Carol Ko | Jan. 22, 2009
Cyclical sectors such as IT are hardest-hit as infrastructure-upgrade projects are put on hold.

Freezing headcount and strategic hiring of newly available talent are the most likely human resources responses to the economic downturn.

Lower starter increment

Respondents in all the markets surveyed expect to pay smaller salary increases to attract new staff at a managerial level.

Respondents in China expect to pay the highest salary increases to new staff: 17 per cent say they will pay more than 20 per cent.

One-third (33 per cent) of respondents in Hong Kong do not expect to pay any increase to attract new managerial staff, a large jump from five per cent in the first quarter of last year.

The 51 per cent of respondents in Japan who say they do not need to increase pay to attract new staff is more than twice as many as when this question was asked in the first quarter of last year.

At 10 per cent, Singapore has the lowest proportion of respondents who do not plan to increase new staff salaries.

Falling year-end bonuses

Although higher than in the other markets surveyed, bonuses in China are falling sharply.
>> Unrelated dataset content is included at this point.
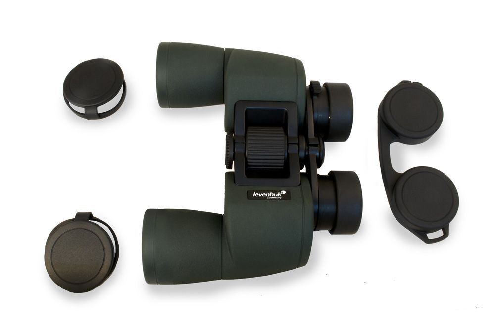 Бинокль изготовлен в герметичном корпусе – пыль, грязь и влага не попадают внутрь прибора. Плотное резиновое покрытие защитного цвета смягчает удары. Благодаря текстурной поверхности бинокль не выскальзывает из рук. В комплект входит широкий ремешок, так что бинокль можно повесить на шею.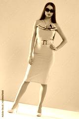 Female Model Posing in Studio with Neutral Background – Minimal Fashion Look. Fashion editorials, model portfolios, advertising mockups, or minimalist beauty and lifestyle concepts.

Bonuses of more than 10 per cent are forecast by 32 per cent of respondents, while six per cent say they will pay more than 20 per cent.

Just one per cent of respondents in Hong Kong will pay more than 20 per cent, down from 30 per cent in the first quarter of last year. The very high bonuses paid in the IT&T and banking and financial services sectors have dropped significantly.

At 35 per cent, Japan has the highest percentage of respondents who do not plan to pay any bonus at all. The decline in bonus payments is most dramatic in the banking and financial services sector.

The proportion of respondents in Singapore who say they will pay bonuses of more than 10 per cent has fallen sharply. It is now just 28 per cent, compared with 61 per cent in the first quarter of last year.

Poor company performance

Across all the markets surveyed, most respondents do not express a high level of confidence about how their companies will perform in 2009. Respondents in China and Singapore are notably more optimistic than those in Hong Kong and Japan.

In China, 47 per cent of respondents forecast that their companys performance will be excellent or good in 2009, while eight per cent expect it to be poor.

Across all sectors in Hong Kong, 51 per cent expect average company performance in 2009 and nine per cent think performance will be poor.

Hudson graphJapan reports the lowest expectations for company performance in 2009. Overall, 73 per cent forecast average or poor performance, meaning targets will not be met.